───── INFORMATION SHOWN

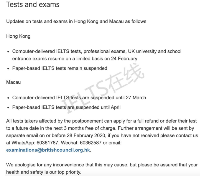 据英国文化教育协会消息:中国香港地区自 2月24日 恢复雅思机考,纸笔考试继续暂停;中国澳门地区自 3月27日 恢复雅思机考,纸笔考试继续暂停。
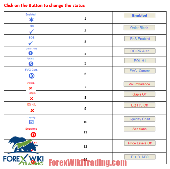 - Order Block (OB): Identify order blocks swiftly by activating or deactivating this feature.
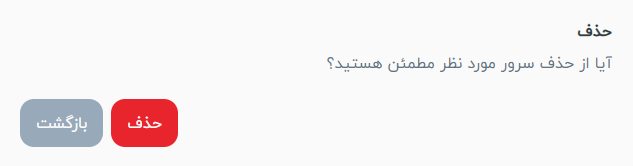 سپس پنجره تایید حذف برای شما نمایشداده میشود، پس از تایید شما، سرور ابری از سوئیچ حذف میشود.
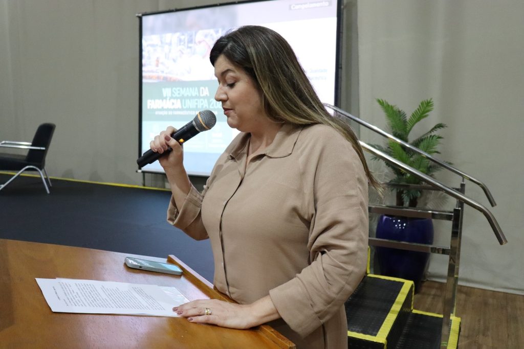 Abrindo a Semana, a coordenadora do curso de Farmácia, Profa. Ma. Roberta Zancheta Viola, destacou a importância do encontro como espaço de integração entre a formação acadêmica e os desafios do setor farmacêutico.

──────────

WHAT IS EXPECTED
Print exactly the lines from the line with "- Order Block" through the end of the data, both ends included, and print no pictures.

OUTPUT FOR THIS EXERCISE
 - Order Block (OB): Identify order blocks swiftly by activating or deactivating this feature.
 سپس پنجره تایید حذف برای شما نمایشداده میشود، پس از تایید شما، سرور ابری از سوئیچ حذف میشود.
 Abrindo a Semana, a coordenadora do curso de Farmácia, Profa. Ma. Roberta Zancheta Viola, destacou a importância do encontro como espaço de integração entre a formação acadêmica e os desafios do setor farmacêutico.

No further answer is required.